Firstly, weighing 4g of metronidazole by using a tray balance, placing the metronidazole into a round-bottom flask, adding magnetons, adding 70ml of dichloromethane, adding 3ml of triethylamine into the solution, and uniformly mixing. Adding 10ml of chloroform into a constant pressure dropping funnel, adding 4ml of acryloyl chloride into the constant pressure dropping funnel, uniformly mixing, dropwise adding into the solution after preparation, and starting dropwise adding after gently stirring by a dropper.

Preparing broken ice blocks in advance, putting the broken ice blocks into an aluminum basin, adding a proper amount of water, and carrying out an ice-water bath reaction. And (3) putting the reaction system into an ice water bath for reaction for 12 hours, and then reacting at room temperature for 12 hours.

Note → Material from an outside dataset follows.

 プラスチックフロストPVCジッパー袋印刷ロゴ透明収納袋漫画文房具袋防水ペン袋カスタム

After the reaction is finished, the round-bottom flask is taken out by wearing a cloth glove, the round-bottom flask is wiped dry by using clean toilet paper, and each bottle mouth is opened to suck out small magnetons by using a magnet. Pouring off ice water for reaction, filtering the reaction solution, carrying out rotary evaporation on the filtrate for concentration, adding 50ml of chloroform for dilution after the filtrate is concentrated to about 15ml, washing with ultrapure water for three times, adding anhydrous calcium chloride particles into an organic phase for overnight drying after liquid separation, and carrying out rotary evaporation on the filtrate after filtration to obtain a light yellow solid product.

Triethylamine, acryloyl chloride and chloroform all have pungent odor, and care should be taken when using.

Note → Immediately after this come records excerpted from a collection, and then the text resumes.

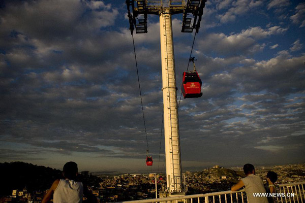 | Image taken on June 29, 2013 shows people travelling by a cable car in Rio de Janeiro, Brazil. The tourism in the Americas increased significantly in 2014. Chinese Premier Li Keqiang will visit Brazil, Colombia, Peru and Chile on May 18-26. (Xinhua/Guillermo Arias) |
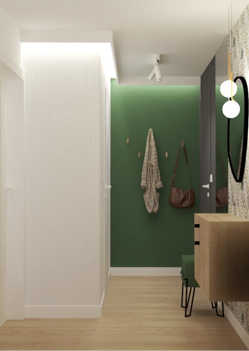 - przedmiot projektu: otwarta część dzienna: salon z aneksem kuchennym i jadalnym, korytarz
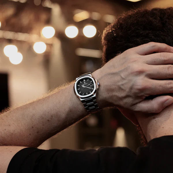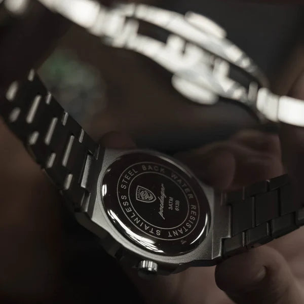 Equipado com uma pulseira de aço inoxidável e fecho de fivela oculto, este relógio não oferece apenas durabilidade excepcional, mas também proporciona um ajuste confortável, garantindo que você esteja impecável em qualquer ocasião.
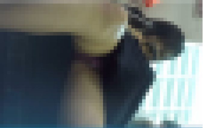 近づいてスカート内を確認すると紫の生パンティーの様でした。制服に生パンツの組み合わせはエロいですね。
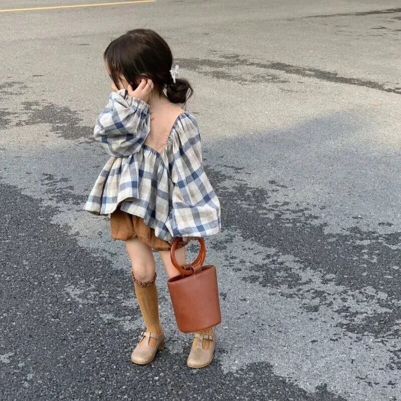 大きなパフスリーブがキュート♡使いやすい色使いで、お子様のお出かけ着にぴったり!
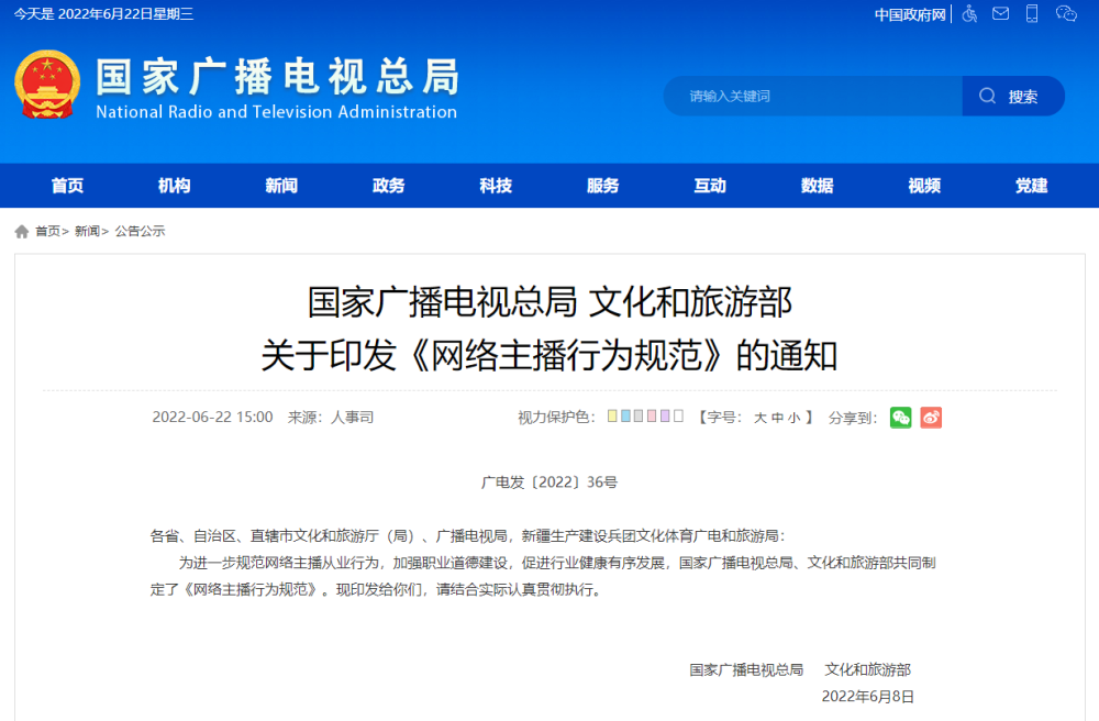 為進一步規范網絡主播從業行為,加強職業道德建設,促進行業健康有序發展,國家廣播電視總局、文化和旅游部共同制定了《網絡主播行為規范》?,F印發給你們,請結合實際認真貫徹執行。

Attention should be paid to stop rotary evaporation before solid is precipitated when the rotary evaporation is concentrated for the first time.

The organic phase was dried after washing with water overnight to ensure complete removal of water.

By using¹The chemical structure of 2- (2-methyl-5-nitro-1H-imidazol-1-yl) ethyl acrylate obtained in the examples of the present invention was characterized by H NMR, and it is apparent from FIG. 1 that an absorption peak at 8.2ppm for a hydrogen atom on an imidazole group and an absorption peak at 2.3ppm for a methyl group on an imidazole group were observed, the absorption peak of the double bond at 5.9-6.6ppm and the absorption peak of the methylene at 3.8-4.3ppm well characterize the structure of 2- (2-methyl-5-nitro-1H-imidazol-1-yl) ethyl acrylate, from which the successful synthesis of 2- (2-methyl-5-nitro-1H-imidazol-1-yl) ethyl acrylate can be demonstrated.

The preparation of the metronidazole-containing drug monomer can be realized by adjusting the process parameters according to the content of the invention, and the performance of the metronidazole-containing drug monomer is basically consistent with that of the embodiment of the invention.

The invention has been described in an illustrative manner, and it is to be understood that any simple variations, modifications or other equivalent changes which can be made by one skilled in the art without departing from the spirit of the invention fall within the scope of the invention.